=== EXERCISE ===
Could you repeat the records below exactly, leaving the pictures out?

=== MATERIAL TO PROCESS ===

..............................

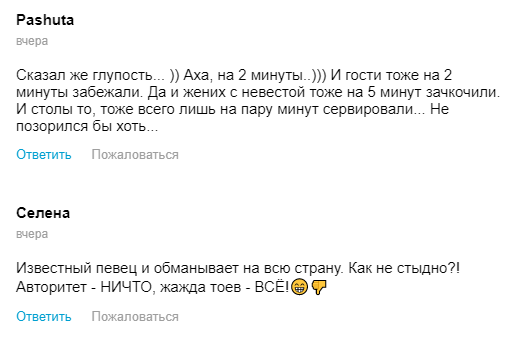 Сам певец также прокомментировал этот инцидент. Он заявил, что не является хозяином и заказчиком торжества. Омаров сообщил, что "буквально на две минуты заскочил" в кафе, где проходил той. Также певец добавил, что некоторые воспользовались этим и заявили, что это праздник самого артиста. Юристы артиста занимаются этим по факту "распространения ложной информации".
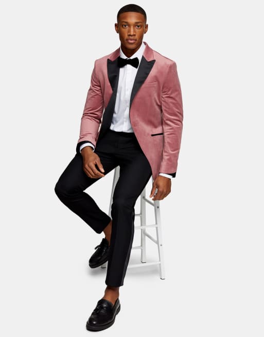 Topman - Fluwelen skinny colbert en slim fit pantalon in lichtroze
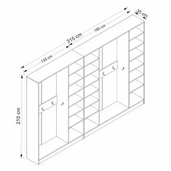 Met een breedte van 315 cm, een hoogte van 210 cm en een diepte van 35 cm biedt de Woody Fashion Halstandaard voldoende opbergruimte voor al je benodigdheden in de hal. Je kunt je schoenen, tassen en andere accessoires gemakkelijk georganiseerd opbergen, waardoor je hal geen rommel meer heeft.
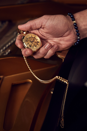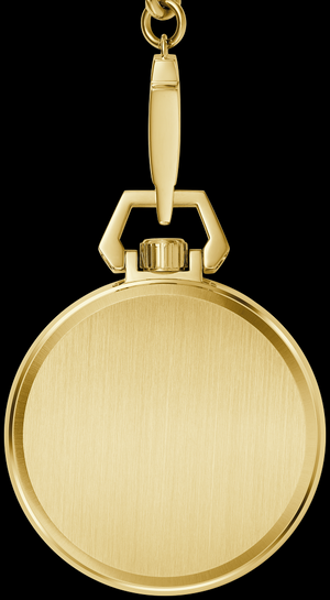The new Bulova Sutton pocket watch lets you discover the foundations of American watchmaking, when American watchmakers like Joseph Bulova were at the forefront of timekeeping and pocket watches were the norm. The sophisticated polished gold-tone stainless steel case features a mineral crystal and a winding crown protected by a knot that adds a modern touch to this classic silhouette. The gold dial has silver Roman numerals and hands, with a central opening that offers a view of the watch's internal workings. The skeleton automatic movement powering the watch has 21 jewels and a 42-hour power reserve. The historic look is completed by a 15-inch gold-tone stainless steel chain ending in a tuning fork-shaped spring clip for secure attachment. A modern reinterpretation of an American classic, the Bulova Sutton pocket watch carries its owner with classic refinement. Caliber: 8N24
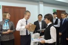 Руслана лично пришли поздравить - Стюфеев А.С., руководитель группы по связям с общественностью Управления почтовой связи РТ и специалист отдела кадров Буинского межрайонного почтамта Никифорова М.Н. На школьной линейке они вручили победителю Диплом и ценные подарки.
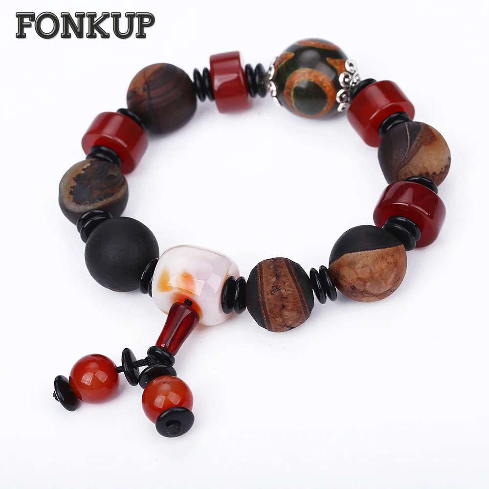 Forkup Bohemia Men Bangle Agate Charm Bracelets Engagement Male Jewellery Round Bead Hand Chain Multicolor Charms Survival
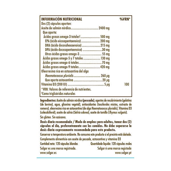 Aceite de salmón nórdico (pescado), agentes de recubrimiento (gelatina (de bovino), agua, glicerina vegetal), antioxidantes (tocoferoles mixtos, extracto de romero), oleorresina rica en astaxantina (de alga Haematococcus pluvialis), Vitamina D3 (colecalciferol), aceite de salvia (Salvia sclarea), aceite de tomillo (Thymus vulgaris).
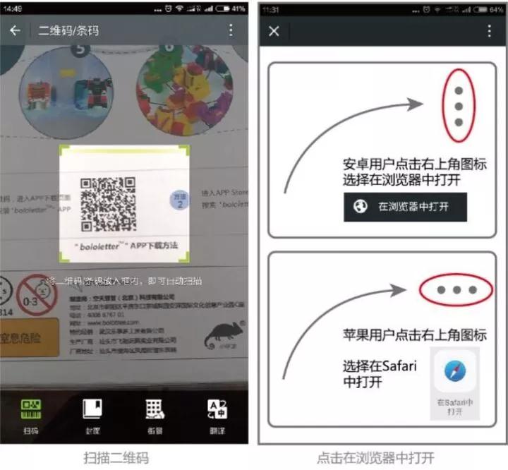 使用微信掃描二維碼后,請(qǐng)點(diǎn)擊右上角菜單選擇用瀏覽器打開當(dāng)前網(wǎng)頁(yè)。
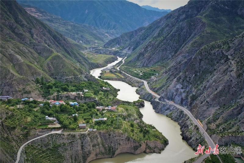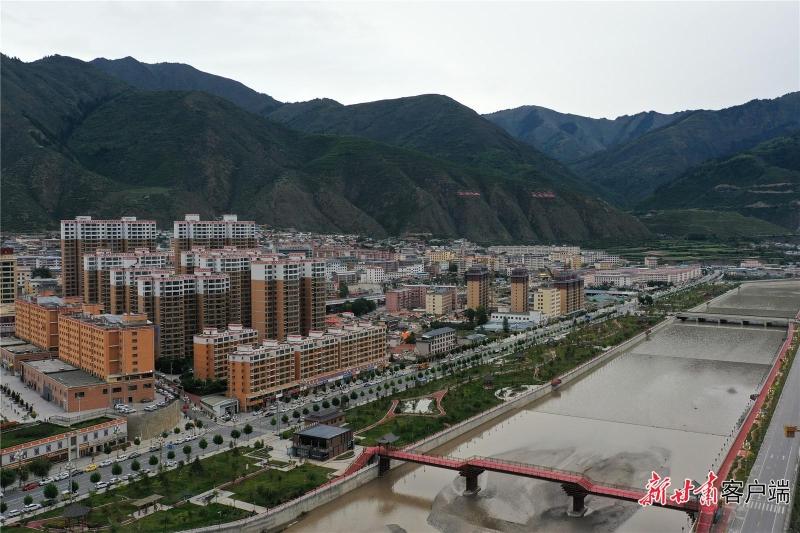 航拍下的迭部县城,两岸绿意正浓,水面偶尔翻起浪花——这是白龙江流域城市的缩影。
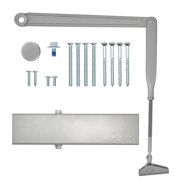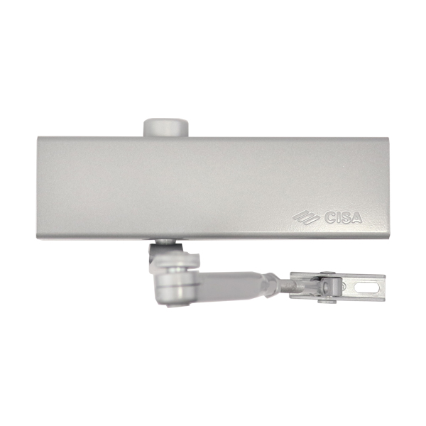 CISA C1610.03 – це надійний дотягувач із серії Professional Plus2, що призначений для накладного монтажу на внутрішніх і зовнішніх дверях. Він підходить для дверних полотен із максимальною вагою до 80 кг і шириною до 1100 мм. На передній частині корпусу розташовані регулювальні гвинти, які дозволяють налаштувати основну швидкість зачинення (в межах 180°-15°), швидкість захлопування (15°-0°) та функцію гальма відчинення (180°-50°). Ця функція, також відома як "вітрове гальмо," забезпечує додатковий захист дверного полотна, запобігаючи його удару об стіну чи пошкодженню механізму тяги.
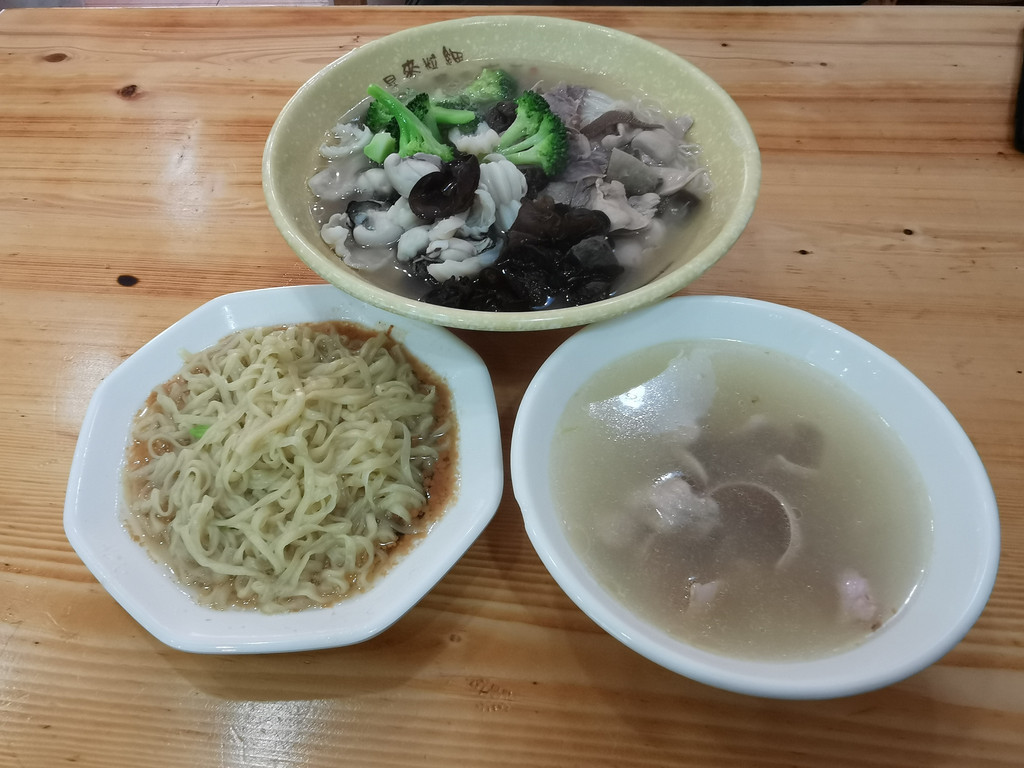 福州的特色小吃很多,有拌面、扁肉、捞化、锅边糊等,中午我们先尝一尝拌面和捞化。拌面不硬,也不是很酥烂,有一股花生酱的味道。汤可以自选,有骨头汤、鱿鱼汤、鸭心汤、猪腰汤等。
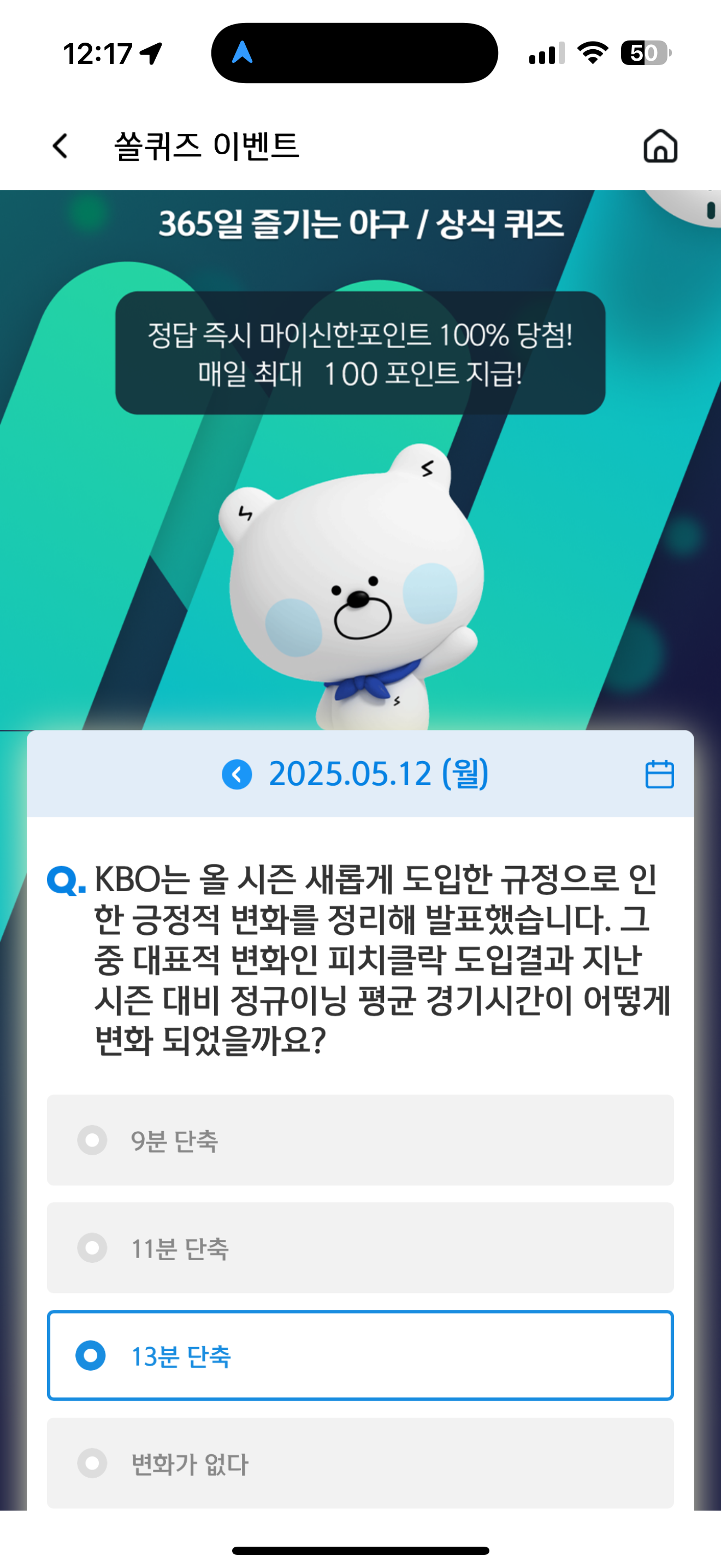 신한 슈퍼SOL 야구/상식 쏠퀴즈 정답은 13분 단축 입니다
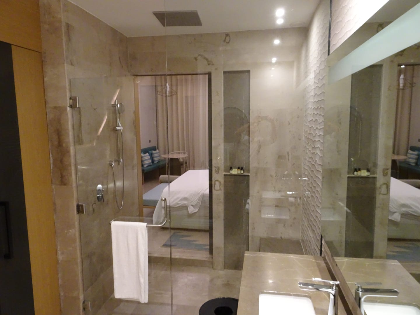 Blick vom Bad durch die Dusche in das Zimmer
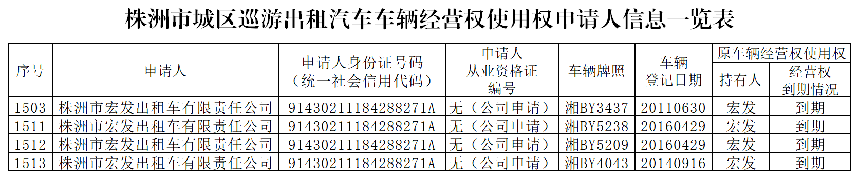 根据《株洲市城区巡游出租汽车行业深化改革工作方案》,株洲市宏发出租车有限责任公司向市交通运输局提出湘BY3437等4辆出租汽车实际出资人为该企业且无固定承包经营者,该公司已将上述车辆所有权确认为公司所有(企业已将车辆相关信息进行公示且无人提出异议),并向市交通运输局提出巡游出租汽车车辆经营权使用权申请。现将以上巡游出租汽车车辆经营权使用权申请人信息进行公示,公示期为2019年4月25日至4月29日(不含节假日)。
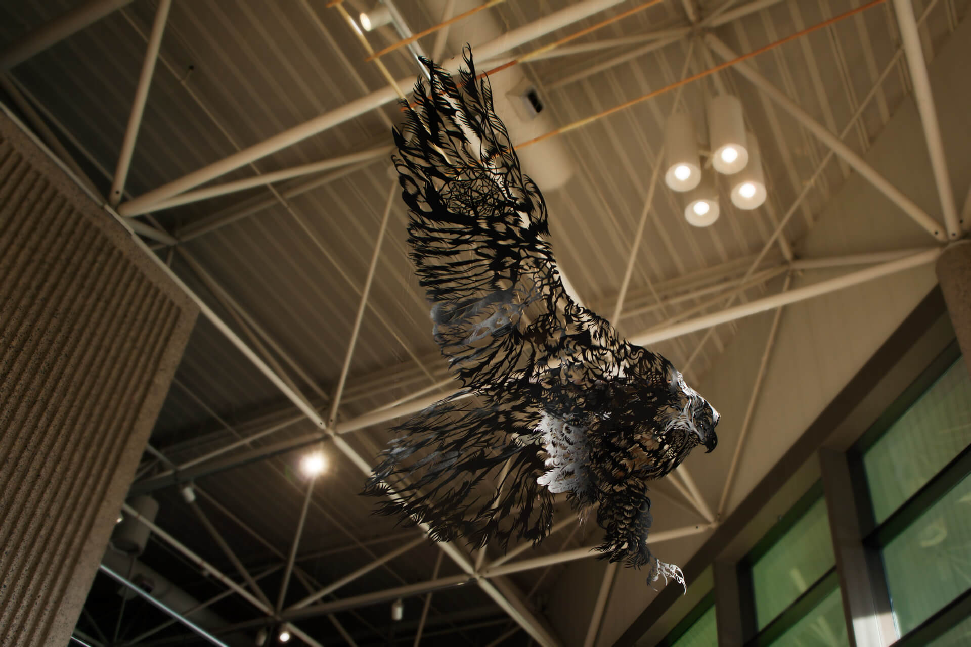 This life-size whale, unveiled at the Bangkok Art and Culture Centre in September 2018, catches the gaze particularly due to Kojima’s attention to detail: the whole surface is covered with complex patterns that demonstrate Nahoko Kojima’s dexterity. The immense sculpture made from cut paper therefore appears, in spite of its size, to float just above the ground.
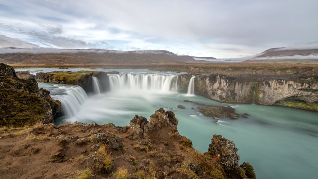 Holen Sie sich die göttliche Schönheit Islands in Ihre Räume. Das Wandbild „Goðafoss“ im weiten 16:9 Panorama-Format zeigt den „Wasserfall der Götter“ in einer faszinierenden Langzeitbelichtung. Das milchig-türkisfarbene Wasser, das sich hufeisenförmig über die dunklen Basaltfelsen ergießt, schafft eine Atmosphäre von zeitloser Eleganz und tiefer Ruhe.
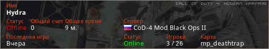 Играет на Call of Duty 4: Modern Warfare сервере. Страна: РоссияПервый раз замечен 12:40 23.12.2025
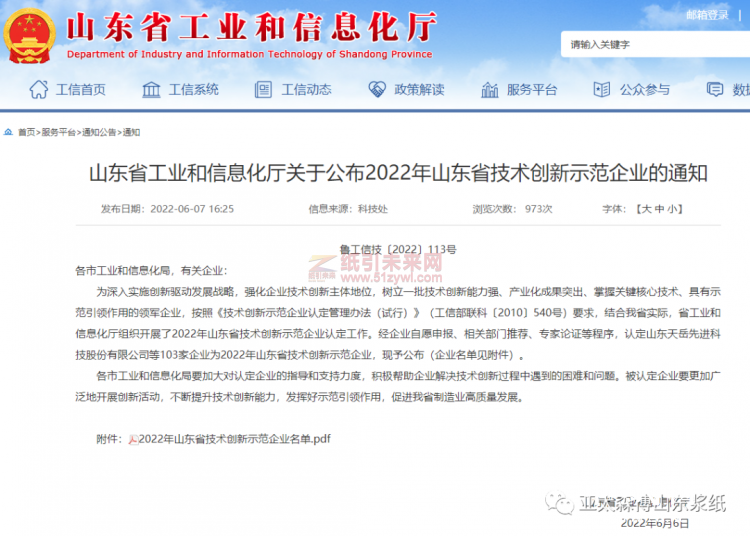 6月7日,山東省工業和信息化廳公布了2022年山東省技術創新示范企業名單。經企業申報、有關部門推薦、專家論證等程序,亞太森博(山東)漿紙有限公司成功入選該名單。
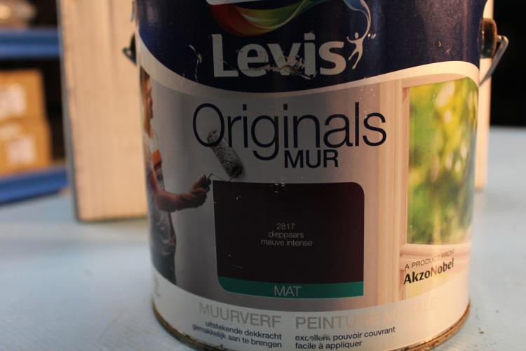 2,5 l muurverf merk ; levis kleur ; dieppaars

..............................

=== COMPLETED TASK ===
 Сам певец также прокомментировал этот инцидент. Он заявил, что не является хозяином и заказчиком торжества. Омаров сообщил, что "буквально на две минуты заскочил" в кафе, где проходил той. Также певец добавил, что некоторые воспользовались этим и заявили, что это праздник самого артиста. Юристы артиста занимаются этим по факту "распространения ложной информации".
 Topman - Fluwelen skinny colbert en slim fit pantalon in lichtroze
 Met een breedte van 315 cm, een hoogte van 210 cm en een diepte van 35 cm biedt de Woody Fashion Halstandaard voldoende opbergruimte voor al je benodigdheden in de hal. Je kunt je schoenen, tassen en andere accessoires gemakkelijk georganiseerd opbergen, waardoor je hal geen rommel meer heeft.
The new Bulova Sutton pocket watch lets you discover the foundations of American watchmaking, when American watchmakers like Joseph Bulova were at the forefront of timekeeping and pocket watches were the norm. The sophisticated polished gold-tone stainless steel case features a mineral crystal and a winding crown protected by a knot that adds a modern touch to this classic silhouette. The gold dial has silver Roman numerals and hands, with a central opening that offers a view of the watch's internal workings. The skeleton automatic movement powering the watch has 21 jewels and a 42-hour power reserve. The historic look is completed by a 15-inch gold-tone stainless steel chain ending in a tuning fork-shaped spring clip for secure attachment. A modern reinterpretation of an American classic, the Bulova Sutton pocket watch carries its owner with classic refinement. Caliber: 8N24
 Руслана лично пришли поздравить - Стюфеев А.С., руководитель группы по связям с общественностью Управления почтовой связи РТ и специалист отдела кадров Буинского межрайонного почтамта Никифорова М.Н. На школьной линейке они вручили победителю Диплом и ценные подарки.
 Forkup Bohemia Men Bangle Agate Charm Bracelets Engagement Male Jewellery Round Bead Hand Chain Multicolor Charms Survival
 Aceite de salmón nórdico (pescado), agentes de recubrimiento (gelatina (de bovino), agua, glicerina vegetal), antioxidantes (tocoferoles mixtos, extracto de romero), oleorresina rica en astaxantina (de alga Haematococcus pluvialis), Vitamina D3 (colecalciferol), aceite de salvia (Salvia sclarea), aceite de tomillo (Thymus vulgaris).
 使用微信掃描二維碼后,請(qǐng)點(diǎn)擊右上角菜單選擇用瀏覽器打開當(dāng)前網(wǎng)頁(yè)。
 航拍下的迭部县城,两岸绿意正浓,水面偶尔翻起浪花——这是白龙江流域城市的缩影。
 CISA C1610.03 – це надійний дотягувач із серії Professional Plus2, що призначений для накладного монтажу на внутрішніх і зовнішніх дверях. Він підходить для дверних полотен із максимальною вагою до 80 кг і шириною до 1100 мм. На передній частині корпусу розташовані регулювальні гвинти, які дозволяють налаштувати основну швидкість зачинення (в межах 180°-15°), швидкість захлопування (15°-0°) та функцію гальма відчинення (180°-50°). Ця функція, також відома як "вітрове гальмо," забезпечує додатковий захист дверного полотна, запобігаючи його удару об стіну чи пошкодженню механізму тяги.
 福州的特色小吃很多,有拌面、扁肉、捞化、锅边糊等,中午我们先尝一尝拌面和捞化。拌面不硬,也不是很酥烂,有一股花生酱的味道。汤可以自选,有骨头汤、鱿鱼汤、鸭心汤、猪腰汤等。
 신한 슈퍼SOL 야구/상식 쏠퀴즈 정답은 13분 단축 입니다
 Blick vom Bad durch die Dusche in das Zimmer
 根据《株洲市城区巡游出租汽车行业深化改革工作方案》,株洲市宏发出租车有限责任公司向市交通运输局提出湘BY3437等4辆出租汽车实际出资人为该企业且无固定承包经营者,该公司已将上述车辆所有权确认为公司所有(企业已将车辆相关信息进行公示且无人提出异议),并向市交通运输局提出巡游出租汽车车辆经营权使用权申请。现将以上巡游出租汽车车辆经营权使用权申请人信息进行公示,公示期为2019年4月25日至4月29日(不含节假日)。
 This life-size whale, unveiled at the Bangkok Art and Culture Centre in September 2018, catches the gaze particularly due to Kojima’s attention to detail: the whole surface is covered with complex patterns that demonstrate Nahoko Kojima’s dexterity. The immense sculpture made from cut paper therefore appears, in spite of its size, to float just above the ground.
 Holen Sie sich die göttliche Schönheit Islands in Ihre Räume. Das Wandbild „Goðafoss“ im weiten 16:9 Panorama-Format zeigt den „Wasserfall der Götter“ in einer faszinierenden Langzeitbelichtung. Das milchig-türkisfarbene Wasser, das sich hufeisenförmig über die dunklen Basaltfelsen ergießt, schafft eine Atmosphäre von zeitloser Eleganz und tiefer Ruhe.
 Играет на Call of Duty 4: Modern Warfare сервере. Страна: РоссияПервый раз замечен 12:40 23.12.2025
 6月7日,山東省工業和信息化廳公布了2022年山東省技術創新示范企業名單。經企業申報、有關部門推薦、專家論證等程序,亞太森博(山東)漿紙有限公司成功入選該名單。
 2,5 l muurverf merk ; levis kleur ; dieppaars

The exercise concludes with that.